* _Task statement_: In the records below, find the line with "Double-volume ceilings with", then copy each line exactly until you have copied the line with "PrintWithMe has 637". Leave any picture out.

(Data to use begins)

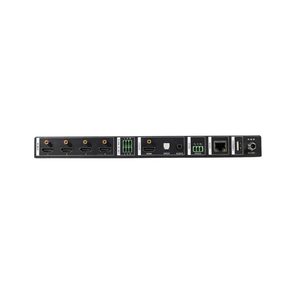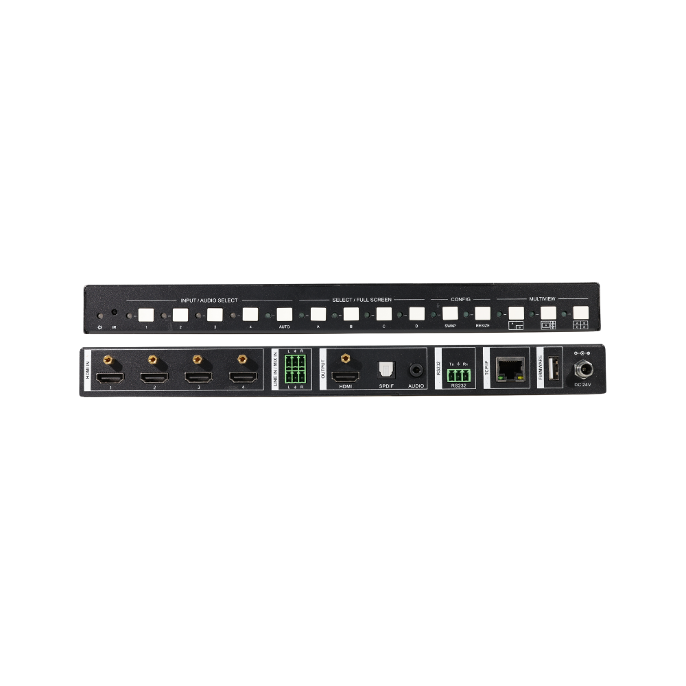 The 4K Multi-View Switcher is a seamless video scaler designed to deliver a true 4K display experience. This versatile switcher comes equipped with four HDMI inputs and one HDMI output, allowing you to simultaneously display four video sources on a single screen. For audio processing, the switcher offers a line input, one mix input, one SPDIF output, and one analog output. One of the standout features is the ability to design custom multiviewer layouts, giving you full control over how content is displayed. Control options are robust and user-friendly, whether you’re using the front panel, remote control, RS232 commands, or the comprehensive web-based GUI.
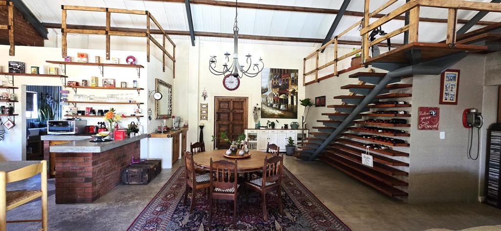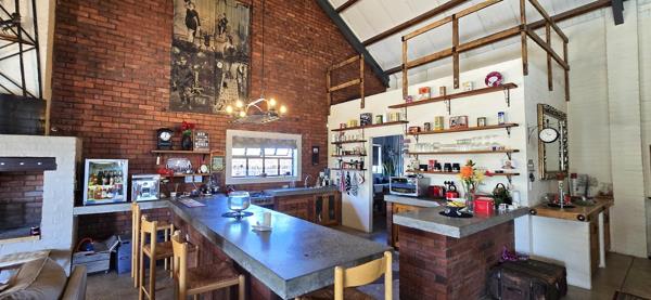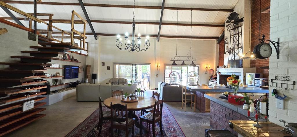 Double-volume ceilings with exposed wooden beams add character to the spacious interiors, where open-plan living areas create a warm and inviting atmosphere. The heart of the home is the beautifully designed kitchen, complete with a separate scullery and laundry room, making it as functional as it is welcoming.
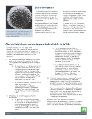 El documento describe las distintas etapas del desarrollo humano desde la fertilización. Señala que la vida humana comienza con la unión del óvulo y el espermatozoide, dando inicio a un proceso de desarrollo continuo e interdependiente de un nuevo ser humano. Explica que cada etapa se encuentra genéticamente determinada y depende de la anterior, por lo que el desarrollo no puede ser discontinuo.
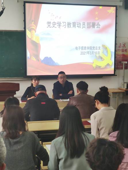 3月16日,电子信息公司召开全体党员大会,动员部署党史学习教育。教工支部书记许珂乐宣读中共bst365委员会《关于开展党史学习教育的实施方案》,就党史学习教育的重大意义和目标要求做了详细解读,就学习内容和工作安排做了部署。
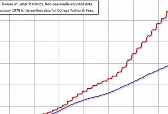 Acabo de ver la gráfica de más abajo y me parece interesante traerla aquí. Se entiende bien: la línea más baja muestra cómo ha ido variando el precio de un coche nuevo en Estados Unidos (un 95% desde 1977), la que se encuentra en medio refleja la subida del precio de la asistencia médica (613%) y la más alta es la que muestra la subida de las matrículas universitarias (1140%). No creo que sean necesarios más comentarios.
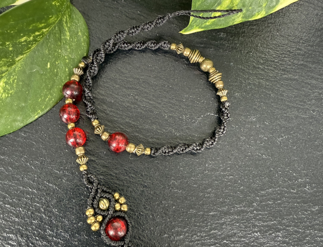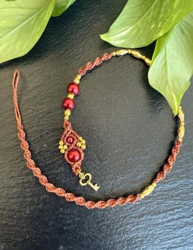 Braun mit roten Perlen - 38 cm
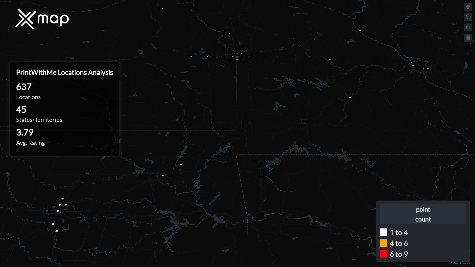 PrintWithMe has 637 locations across the United States of America. The key variables shows the most infleuntial aspects for PrintWithMe locations nationwide. This provides a closer look of how PrintWithMe is operating from different prespectives.
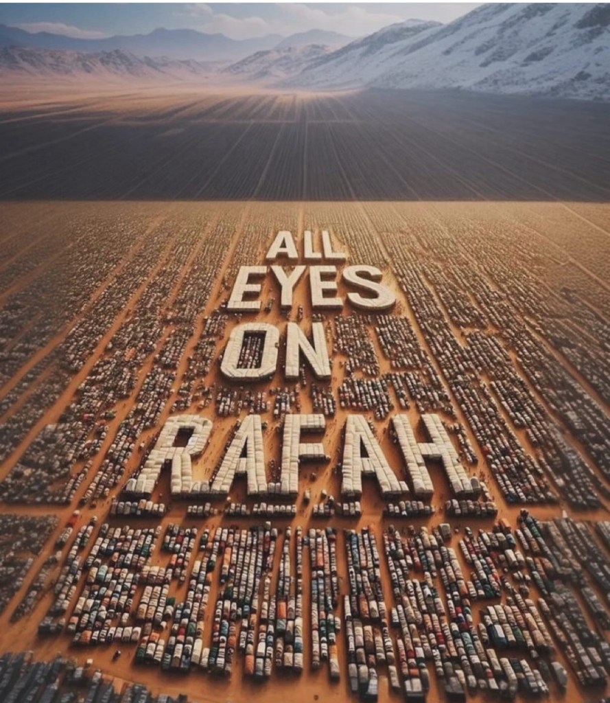 “All eyes on Rafah”: una richiesta inequivocabile che richiama l’attenzione su quello che sta succedendo a Rafah, bersaglio dei raid israeliani che continuano a mietere vittime tra gli occupanti dei campi profughi.

(Data to use ends)

* _Result_:
 Double-volume ceilings with exposed wooden beams add character to the spacious interiors, where open-plan living areas create a warm and inviting atmosphere. The heart of the home is the beautifully designed kitchen, complete with a separate scullery and laundry room, making it as functional as it is welcoming.
 El documento describe las distintas etapas del desarrollo humano desde la fertilización. Señala que la vida humana comienza con la unión del óvulo y el espermatozoide, dando inicio a un proceso de desarrollo continuo e interdependiente de un nuevo ser humano. Explica que cada etapa se encuentra genéticamente determinada y depende de la anterior, por lo que el desarrollo no puede ser discontinuo.
 3月16日,电子信息公司召开全体党员大会,动员部署党史学习教育。教工支部书记许珂乐宣读中共bst365委员会《关于开展党史学习教育的实施方案》,就党史学习教育的重大意义和目标要求做了详细解读,就学习内容和工作安排做了部署。
 Acabo de ver la gráfica de más abajo y me parece interesante traerla aquí. Se entiende bien: la línea más baja muestra cómo ha ido variando el precio de un coche nuevo en Estados Unidos (un 95% desde 1977), la que se encuentra en medio refleja la subida del precio de la asistencia médica (613%) y la más alta es la que muestra la subida de las matrículas universitarias (1140%). No creo que sean necesarios más comentarios.
 Braun mit roten Perlen - 38 cm
 PrintWithMe has 637 locations across the United States of America. The key variables shows the most infleuntial aspects for PrintWithMe locations nationwide. This provides a closer look of how PrintWithMe is operating from different prespectives.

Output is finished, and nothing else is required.